Why is a simulation of a probability experiment off by a factor of 10?

Question

From a university homework assignment:

There are $8$ numbered cells and $12$ indistinct balls. All $12$ balls are randomly divided between all of the $8$ cells. What is the probability that there is not a single empty cell ($i.e.$ each cell has at least $1$ ball)?

The answer is $\large\frac{\binom{11}{7}}{\binom{19}{7}}$ which is about $0.0065$. I reached this result independently, and it was confirmed by the official homework solution of the university.

A friend of mine and I independently wrote Python simulations that run the experiment many times (tested up to $1,000,000$). We used both Pythons' random generator and several randomly generated lists from www.random.org. Results were similar and consistently hovering around $0.09$ which is a factor of $10$ or even a bit more off from the expected theoretical result.

Have we made some wrong assumptions? Any ideas for this discrepancy?

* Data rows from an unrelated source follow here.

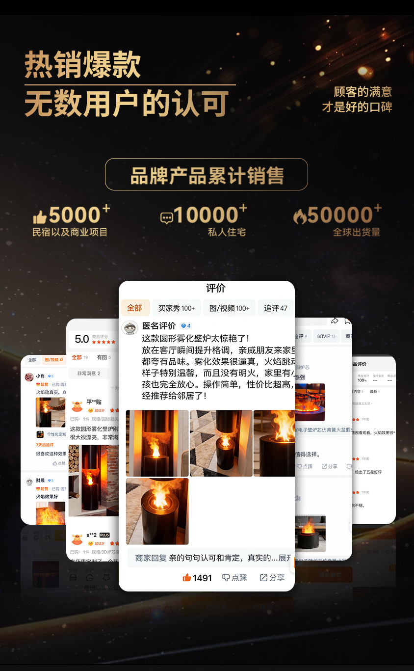 圆形雾化壁炉装饰户外防水仿真火焰壁炉家用茶几嵌入式3d雾化火炉
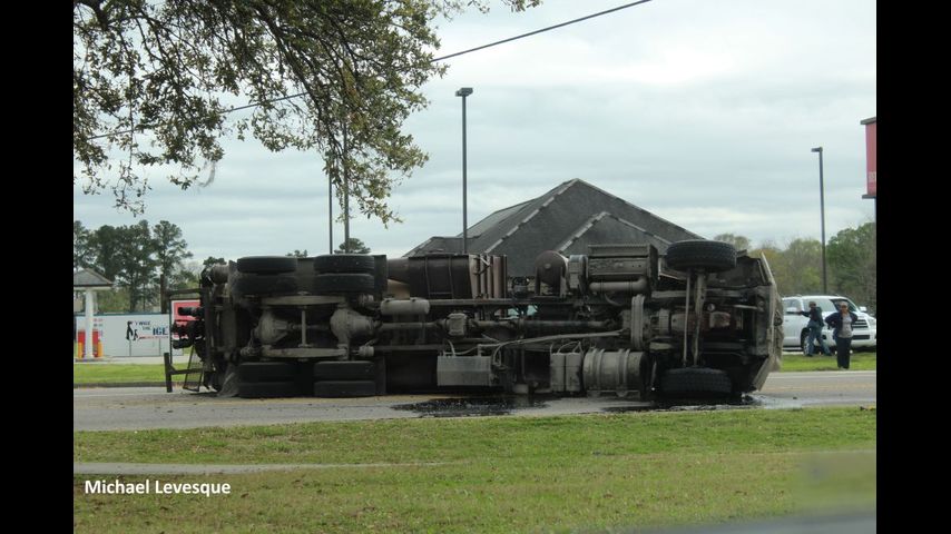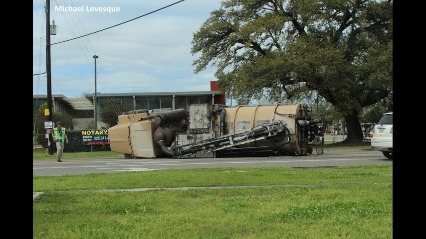 An 18-wheeler flipped at the intersection. The crash blocked traffic around the time nearby Dutchtown High School was dismissing.
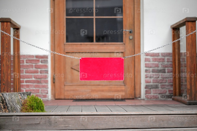 Красная табличка на цепи, блокирующая вход в кафе, закрытое кафе, размытый фон
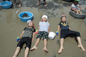 とてもダイナミックに水遊びを楽しんでいた子ども達。
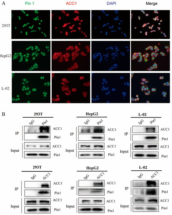 Pin1 interacts with ACC1 and blocks ACC1 phosphorylation. (A) Immunofluorescence assay results show the colocalization of Pin1 with ACC1 in cells (200×). (B) Co-IP detection of the interaction between Pin1 and ACC1 in cells.
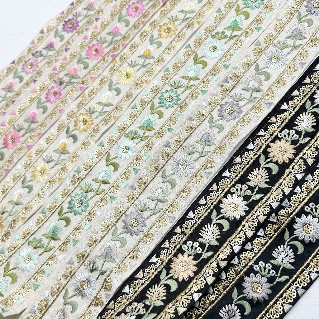 インド刺繍リボンは、細かい刺繍が施されていて色も鮮やかなリボンです。
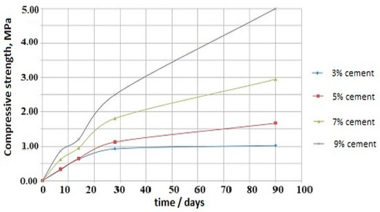 Belem et al. [46] and Hefni et al. [36] in their work provided results of UCS testing on traps after different maturing times (curing) (7, 14, 28, and 90 days) and the application of different binders. Belem et al. [46] concluded that UCS increases from 1000 to 2500 kPa after 56 days of maturation if the content of a particular binder increases from 3% to 6%. Hefni et al. [36] came to a similar conclusion because in their case, after 28 days, UCS increased from 200 to 1200 kPa with only a change in the content of the applied binder. We reached a similar conclusion in the experiment described in this paper, since by changing the content of cement as a binder (from 3% to 9%), without changing the water content, we observed an increase in UCS from 925 to 2497 kPa after 28 days of maturation.
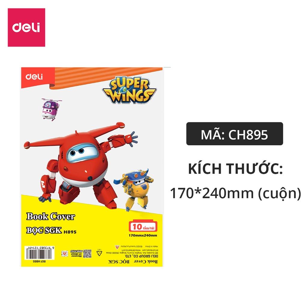 ✨Bộ 10 Bao Bọc Sách SGK Vở Dán Bìa Trong Suốt Chống Nước Book Cover Super Wings Deli - Phù Hơp Cho Học Sinh Văn Phòng
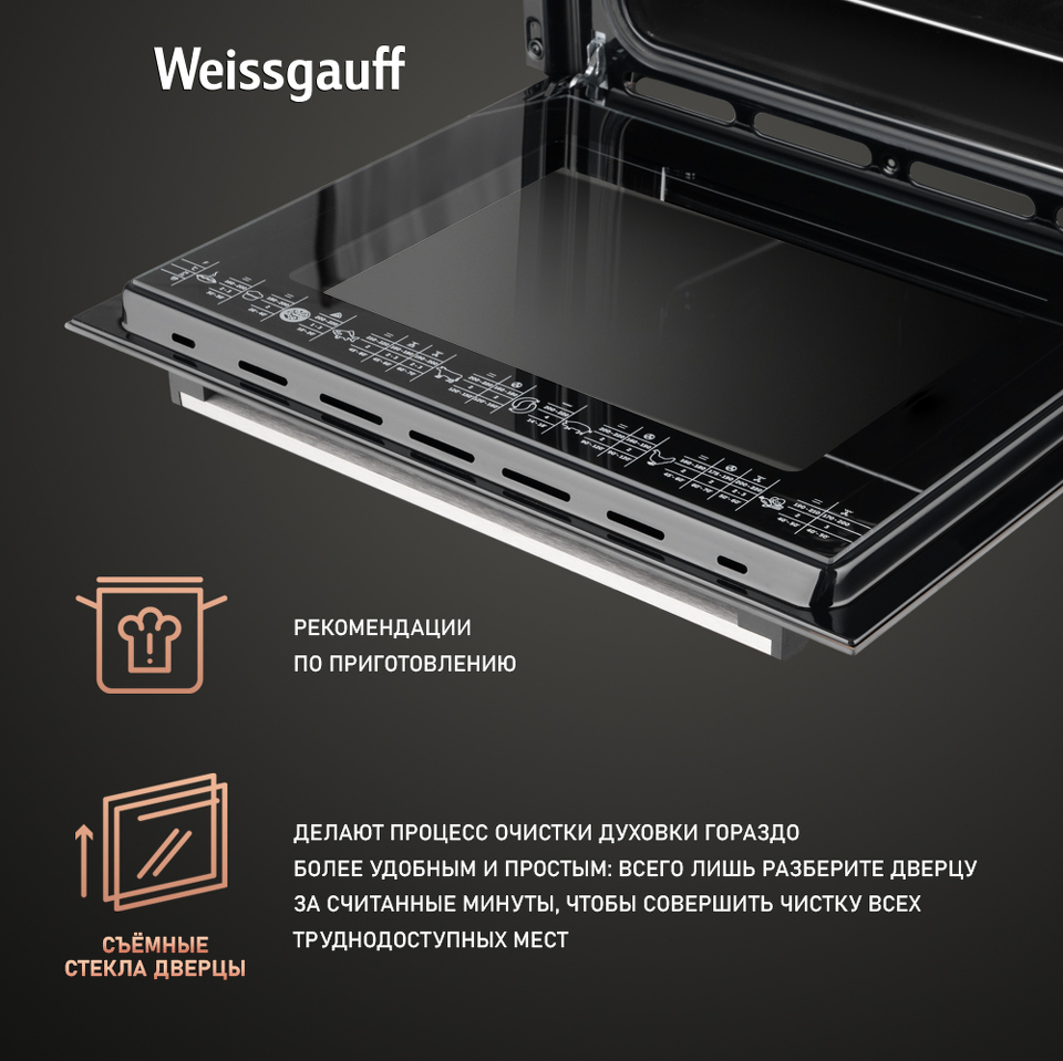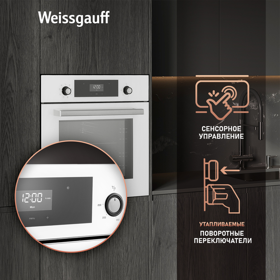 Удобный дисплей с сенсорным управлением - это настоящая гордость Weissgauff, ведь он не только является интуитивно понятным, но и великолепно реагирует на прикосновения с первого нажатия даже в том случае, если руки влажные или прохладные.
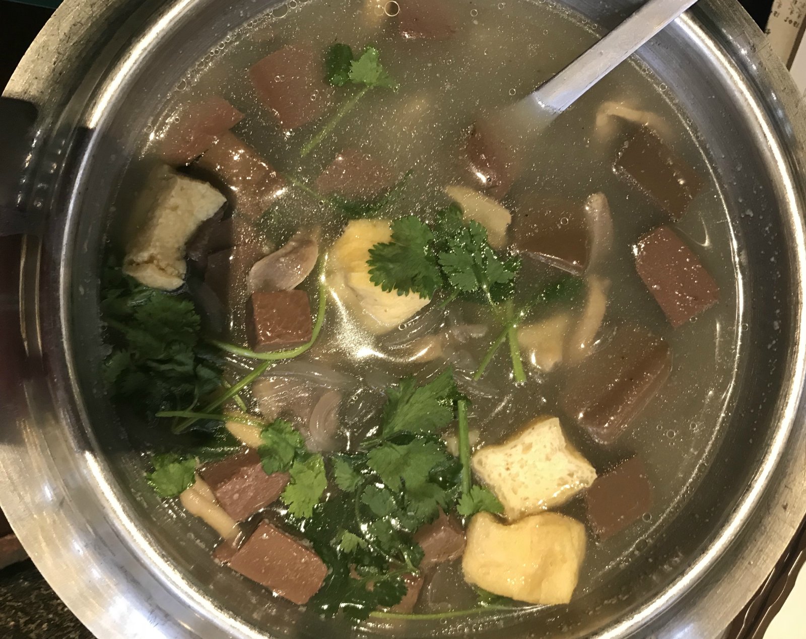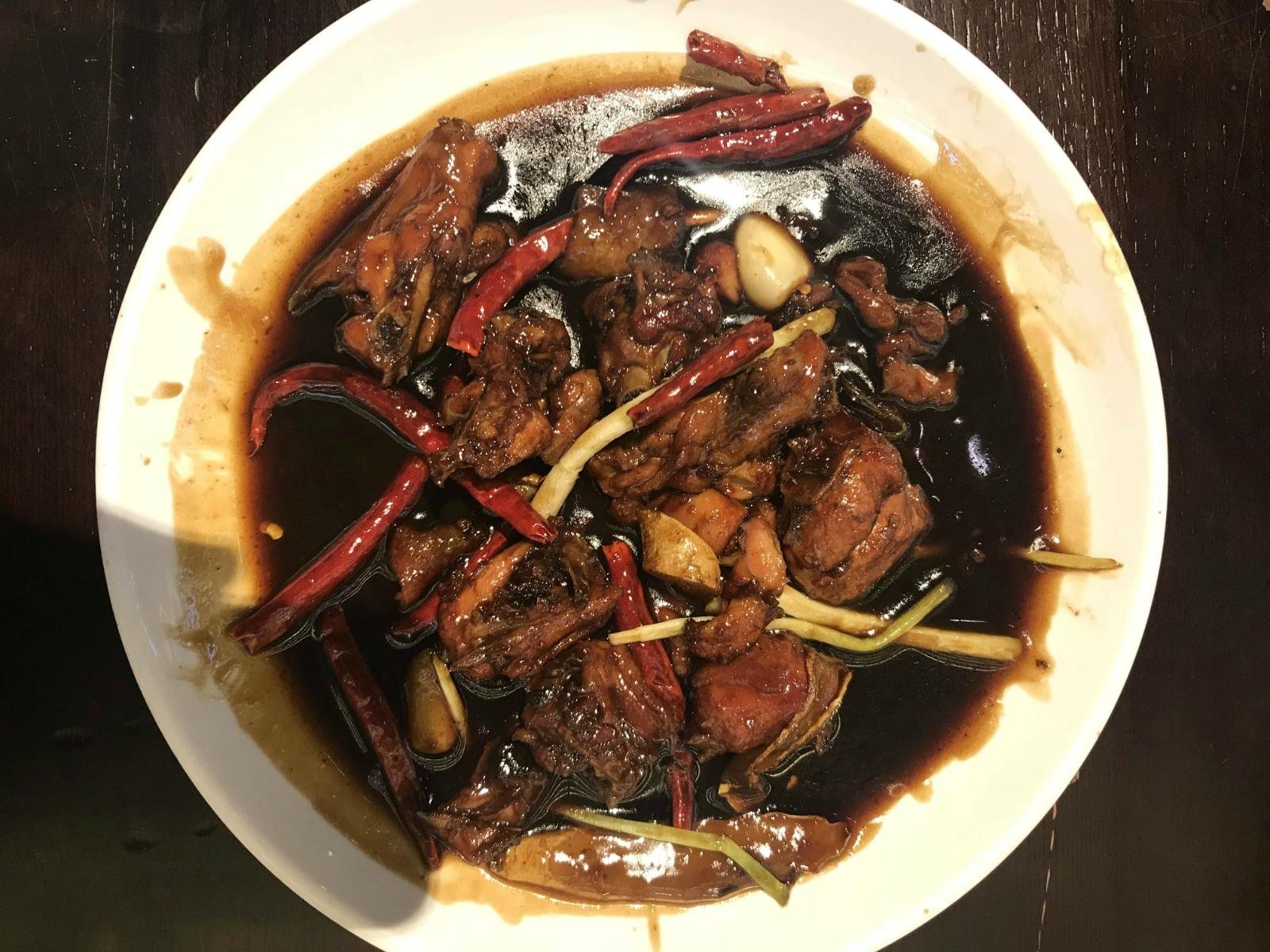 绿茶餐厅点菜可以在菜单上画圈,也有在线点菜,可能是适合食客爆满时候。因午餐刚开餐,服务员亲自到桌子记录的。我们点了古法醋烧鸡,东坡肉,葱姜鲈鱼,鸡汤豆腐,豌豆泥,鸭血汤,绿茶饼,馄饨,糍粑等,人均七十多元。
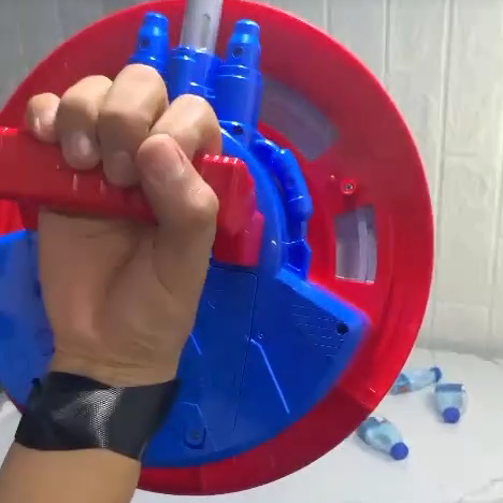 El escudo cuenta con un compartimento interno donde se cargan los balines de hidrogel.
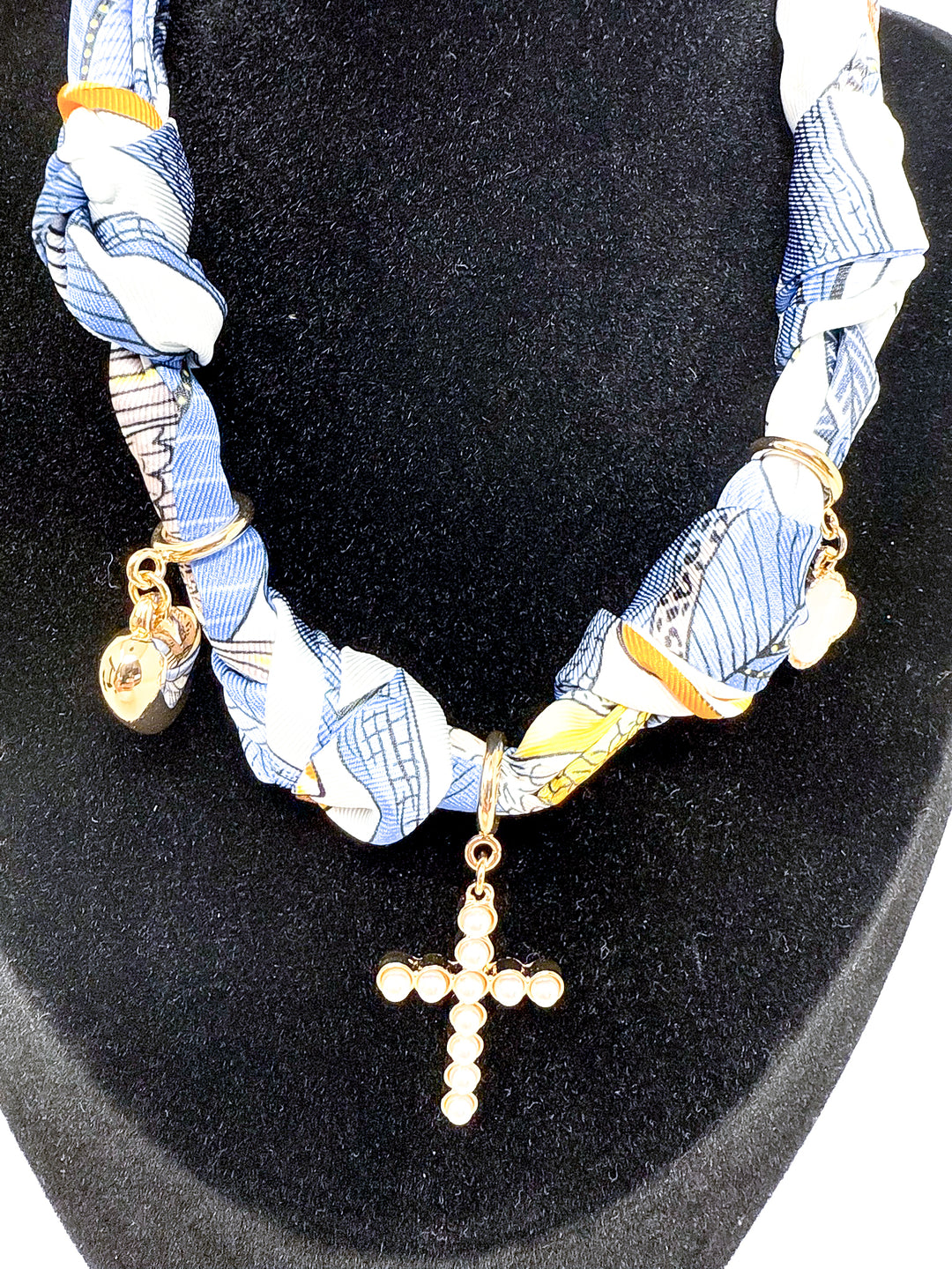 A blue knotted scarf necklace with 3 charms: cross, design, puffy heart.
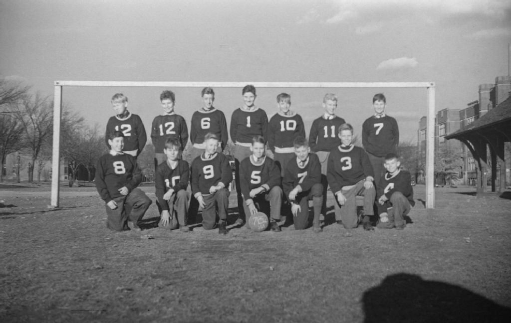 Nous voyons les joueurs d'une équipe de soccer de la «Westmount Intermediate School» devant le filet
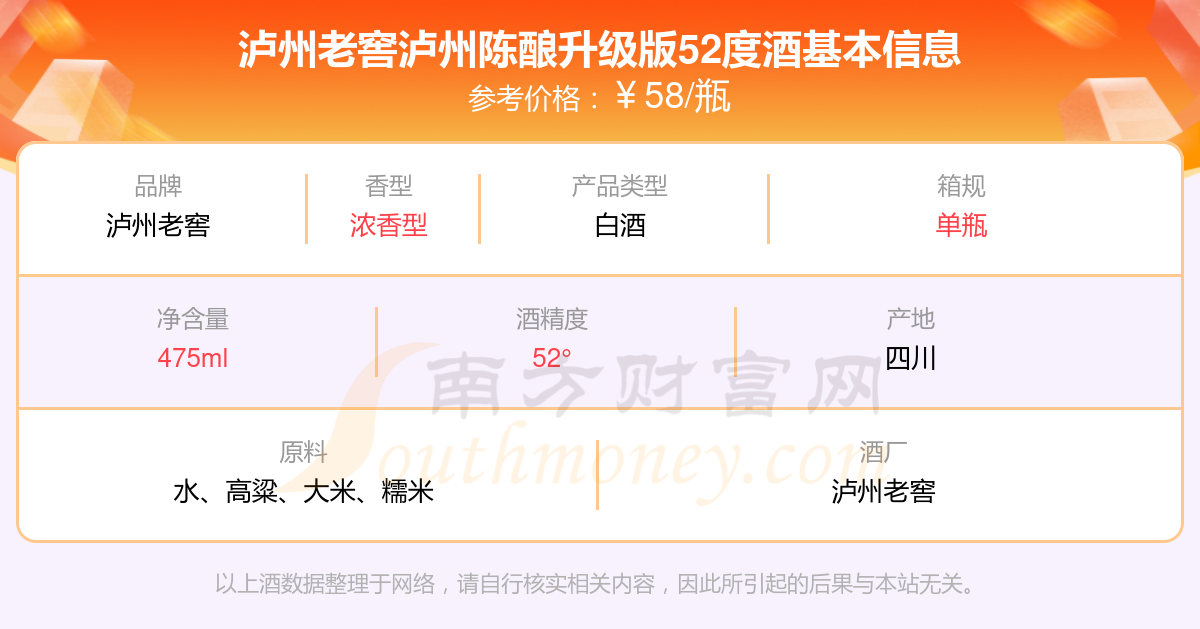 瀘州老窖瀘州陳釀升級(jí)版52度基本信息

P.S.: Here is the Python code that I wrote, and maybe there is some faulty logic there.

def run_test():
    global count, N

    def run_experiment(n_balls, n_cells, offset):
        cells = [0] * n_cells
        # toss balls randomly to cells:
        for j in range(n_balls):
            cells[random.randrange(0, n_cells)] += 1
            # cells[int(lines[offset + j])] += 1
        cells = sorted(cells)
        # print(cells)

        # check if there is an empty cell. if so return 0, otherwise 1:
        if cells[0] == 0:
            return 0
        return 1

    count = 0
    N = 1000000
    offset = 0
    N_CELLS = 8
    N_BALLS = 12
    # iterate experiment
    for i in range(N):
        result = run_experiment(N_BALLS, N_CELLS, offset=offset)
        count += result
        offset += N_CELLS

    print("probability:", count, "/", N, "(~", count / N, ")")

Answer 1

In reality, you will find it very difficult to put the balls in the cells without distinguishing between the balls, especially if you want equal probabilities so as to use counting methods for simulation. Suppose you wanted to consider the probability all the balls went into the first cell: with distinguishable balls this probability is $\frac1{8^{12}}$ and is easily simulated though a rare occurrence; with indistinguishable balls it is $\frac1{19 \choose 7}$ over a million times more likely but difficult to simulate

If the balls are distinguishable, the probability all eight boxes are full is $$\frac{8! \, S_2(12,8)}{8^{12}}$$ where $S_2(n,k)$ is a Stirling number of the second kind and $S_2(12,8)=159027$. That gives a probability that each cell has at least one ball of about $0.0933$. Is this similar to your simulation?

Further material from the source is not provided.